Die Enthüllung des Missbrauchkomplexes begann mit Ermittlungen gegen einen mutmaßlichen Täter in Berlin. Bei diesem sind die Behörden auf Chats gestoßen, die sie dann an die Kollegen in Nordrhein-Westfalen weitergeleitet haben. Und dort hat man dann im Dezember mit einem Sondereinsatzkommando das Haus gestürmt – nicht, weil man davon ausging, dass Gefahr in Verzug war, sondern weil man den Mann am angeschalteten Rechner erwischen wollte, damit er keine Chance hatte, Daten zu verschlüsseln oder zu löschen.
Genau das ist der Polizei offenbar gelungen. Bei der Auswertung der Daten ist sie auf Listen mit anderen mutmaßlichen Tätern gestoßen. Denn der Tatverdächtige aus Wermelskirchen hat akribisch protokolliert, mit wem er Kontakt hatte. Und da fanden sich dann Namen, Adressen und auch Vorlieben von anderen mutmaßlichen Tätern. 

Wie groß ist der Komplex?

Seit Dezember wurden 73 Verfahren in 14 Bundesländern eingeleitet. Alle Verdächtigen sind Männer, und in der Pressekonferenz hieß es, dass man es hier mit einer bislang ungekannten Form von Gewaltausübung zu tun habe. Der Kölner Kriminalhauptkommissar Jürgen Haase hat gesagt, dass ihn die Bilder ihn bis ins Mark erschüttert hätten. Diese Erschütterung war auf der Pressekonferenz förmlich greifbar.

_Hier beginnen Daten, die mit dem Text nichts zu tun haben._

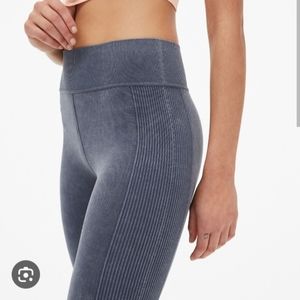 Lovely denim-blue high stretch leggings. Super comfortable, mid-high rise, 7/8 length. Unique ribbing pattern down the sides of the legs curving toward the calves.

Warum schon wieder Nordrhein-Westfalen?

Dass ausgerechnet Nordrhein-Westfalen wieder im Mittelpunkt bei sexueller Gewalt steht, hat mehrere Gründe. Einerseits natürlich, weil es das bevölkerungsreichste Bundesland ist. Und seit Lügde wurden die Ermittlerteams vervierfacht: Wo genauer hingesehen wird, da wird dann auch mehr aufgedeckt. Das ist auch ein Verdienst des hiesigen Innenministers Herbert Reul.

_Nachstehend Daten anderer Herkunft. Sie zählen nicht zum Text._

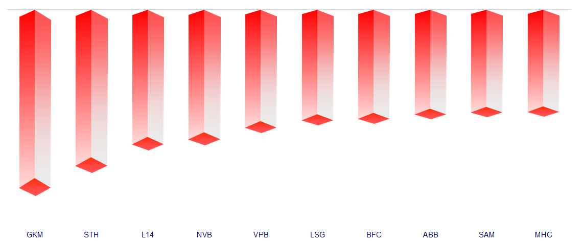 HPG: Despite a strong rebound of 4.8% today, HPG remained under heavy selling pressure from foreign investors, with net outflows reaching VND114 billion. This marked the sixth straight session of foreign net selling in HPG, with a cumulative value of over VND2,350 billion.

Dieser hat jetzt gefordert, mehr Kompetenzen für die Ermittler zu schaffen. Er sagt, dass Datenschutz zum Teil die Ermittlungen erschwere. Ermittler beobachteten mutmaßliche Täter, kämen aber nicht an die Adressen der Verdächtigen.

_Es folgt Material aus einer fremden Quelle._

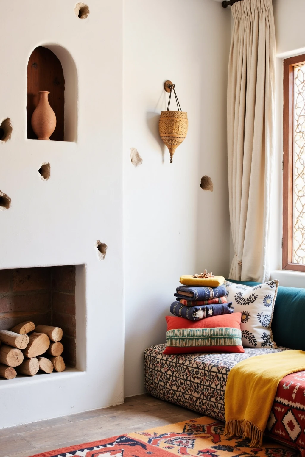 8. Moroccan - style interior design, a cozy corner with a fireplace, a stack of patterned ottomans, and a wall niche for decor.

(*) Wir haben zunächst eine Fehlinformation der Polizei wiedergegeben und diese nun korrigiert. Die entsprechenden Kontakte kamen nicht über den Online-Marktplatz eBay, sondern über die Kleinanzeigen-Plattform eBay Kleinanzeigen zustande. Dies hat mittlerweile die Polizei Köln richtiggestellt.